Commentary by Lise Hamlin
This is an advocacy eNews, not a tech eNews. But when I discovered at a recent advisory council meeting that there are tech solutions to a problem we’ve been asked to solve repeatedly through advocacy efforts, we thought it deserved mention in this issue of HLAA in Action.
The question is: “Why can’t TV enhance the speech and lower the background noise on TV programming?” Until recently, we didn’t have a good answer. But surprise, we are not the only ones complaining about sound quality on newer, smarter, expensive TVs with beautiful pictures but they have lousy sound. Now that change is happening.
From a search on the Internet, we also found the solution has been around for a few years. There appears to be several choices now to find ways to enhance speech, from sound bars and external speakers in a range of prices to speech enhancement systems built into the TV itself. Sound bars seem to be the quick and easy choice. Buy the TV you want, and get better sound with an external component.
One reviewer in the Guardian (many of the reviews we found originated from Great Britain) reported about the Sonos Playbar back in 2013:
Clever additions
But the Playbar isn't just a dumb amp. There are two extra settings: “speech enhancement," and "night mode.”
The “speech enhancement” is for all those times when you've been watching something and the dialogue has been buried in all the other noise going on. Despite sound engineers' best efforts, the frequency range covering the human voice sometimes needs some help. The Playbar offers a simple setting which, the company told me, does “a combination of things, including lowering bass, adding some gain to the centre channel, lowering the gains of competing channels and boosting/cutting specific frequency ranges in the speech band. This combination increases speech intelligibility without sounding artificial or creating an overly unnatural spectral balance.”
The “night mode” setting is, basically, one to avoid upsetting the kids or neighbours: “Most movies are mixed with a large dynamic range [the difference between the loudest and softest sound] for a theatrical playback,” Sonos explained. “Night Mode makes the soft sounds louder and the loud sounds softer depending on volume setting. The lower the volume setting, the more compression is applied.”
If you don’t want a sound bar, you can purchase a TV that provides speech enhancement in the TV itself.

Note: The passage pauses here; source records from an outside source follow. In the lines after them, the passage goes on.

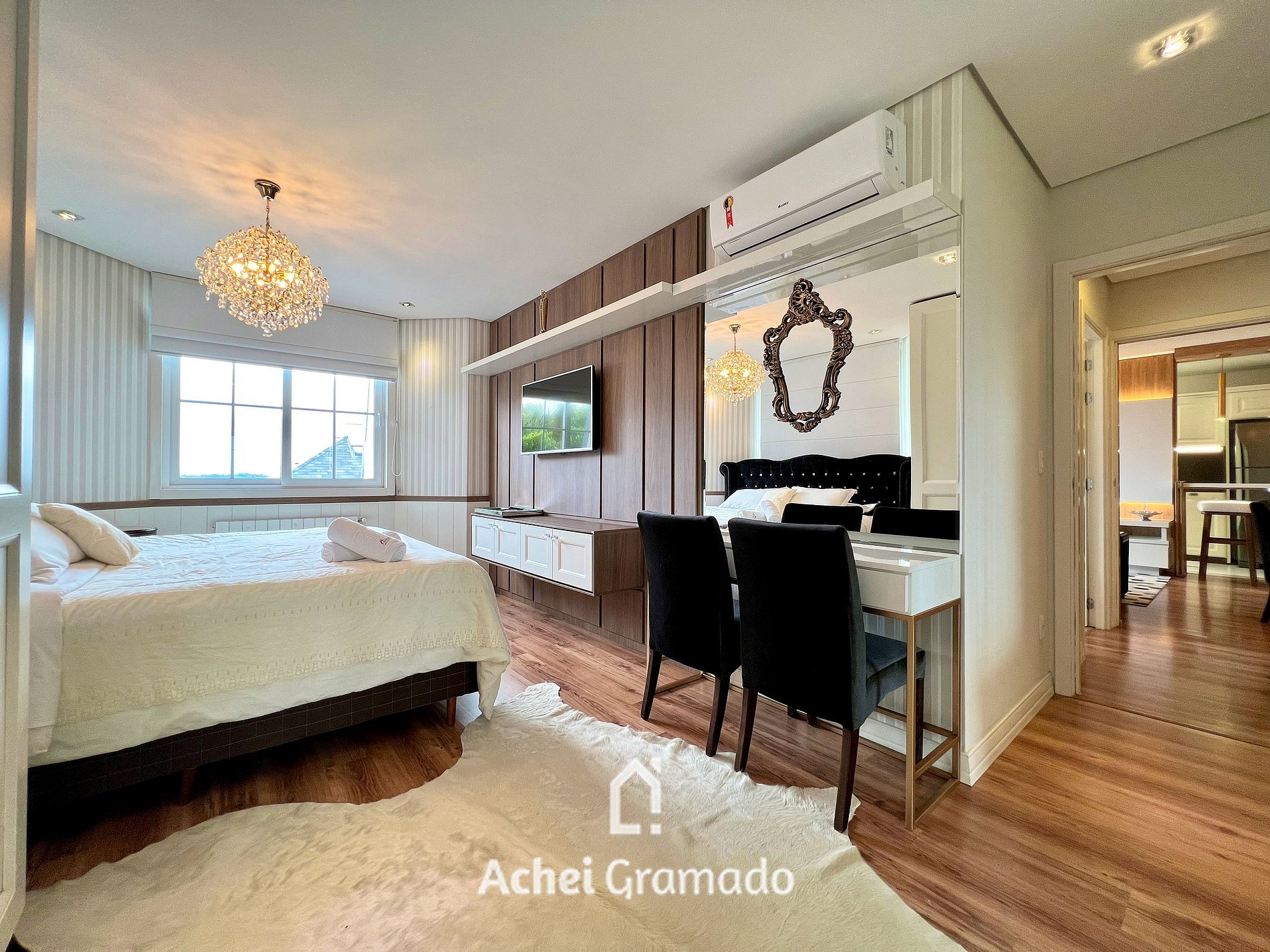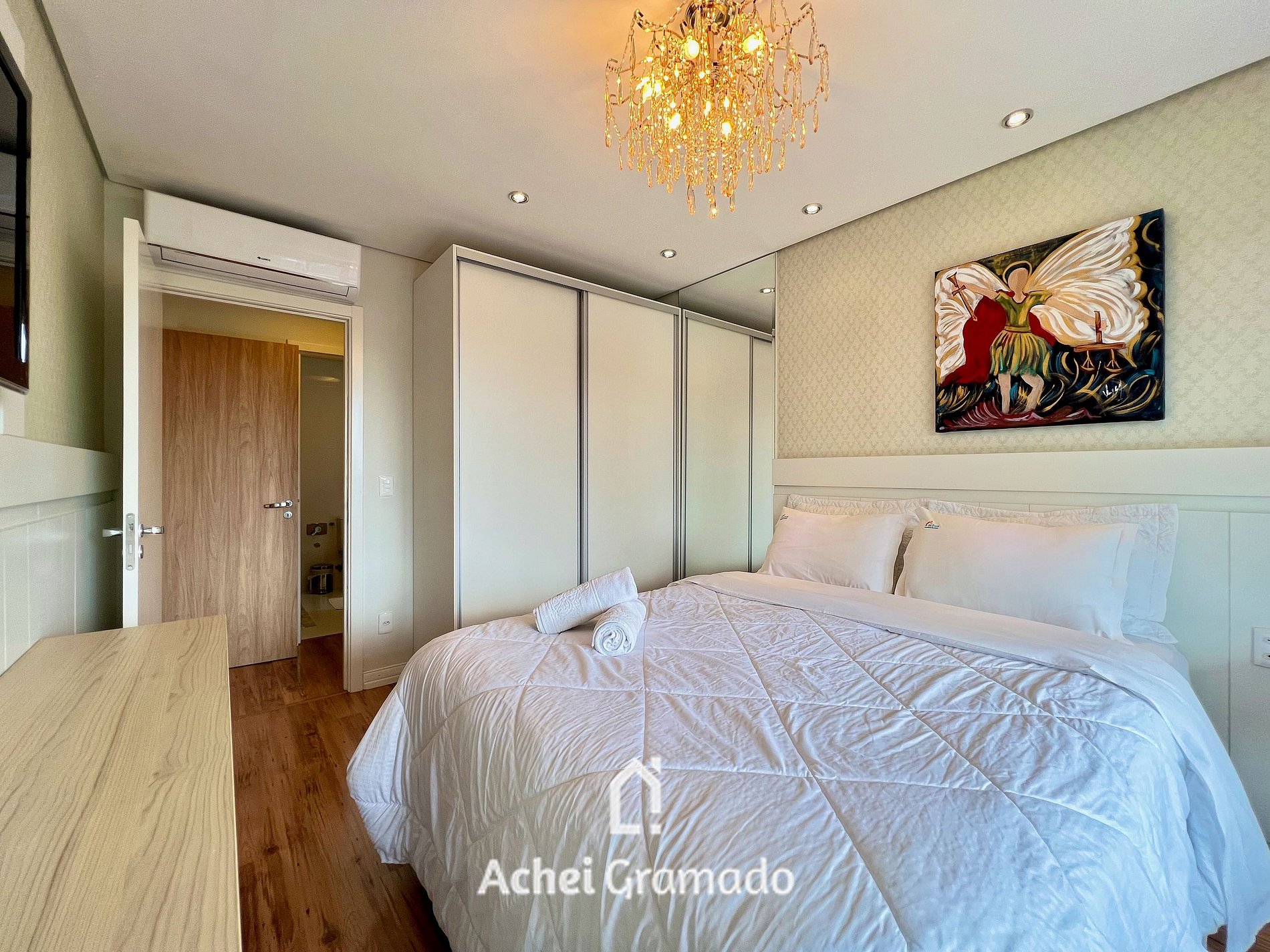 Este apartamento impecável, fica localizado no Centro de Gramado, apenas 400 metros da Rua Coberta, próximo a farmácia, cafés e restaurantes. Possui ar condicionado quente e frio em todos ambientes, dois dormitórios completamente equipados, sendo um deles suíte. Por estar no centro, você poderá fazer muitas coisas a pé, tendo a comodidade de deixar o carro no estacionamento e contemplar com tranquilidade tudo que Gramado tem para oferecer!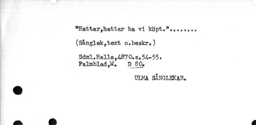 //// : ' , . / //// - //// "Hattar,hatt ar ha vi köpt //// (Sånglek,text o.beskr.) //// * //// Sdml.Halla,4870.s.54-55. //// Palmblad D 80. //// ULMA SANGLEKAR. //// - ////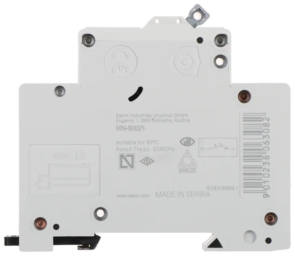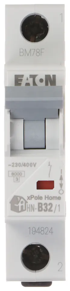 Wyłącznik nadprądowy o charakterystyce typu B i prądzie znamionowym 32AWyłącznik HN-B32/1 jest przewidziany do montażu na szynie DIN TS-35

For example, LG provides Clear Voice II which “enhances and amplifies the frequency range of the human voice by increasing the dialogue range up to six positions to help keep dialogue audible when background noise swells.” If you want the surrounding effects as much as the actor’s lines, Clear Voice II can also decrease the dialog range by six positions so that special effects or soundtracks are more prominent, according to LG’s blog.
We are happy to see that everyone benefits from these improvements in sound, but we are particularly pleased that these kinds of changes will provide people with hearing better access to their own television. Hurray for tech solutions!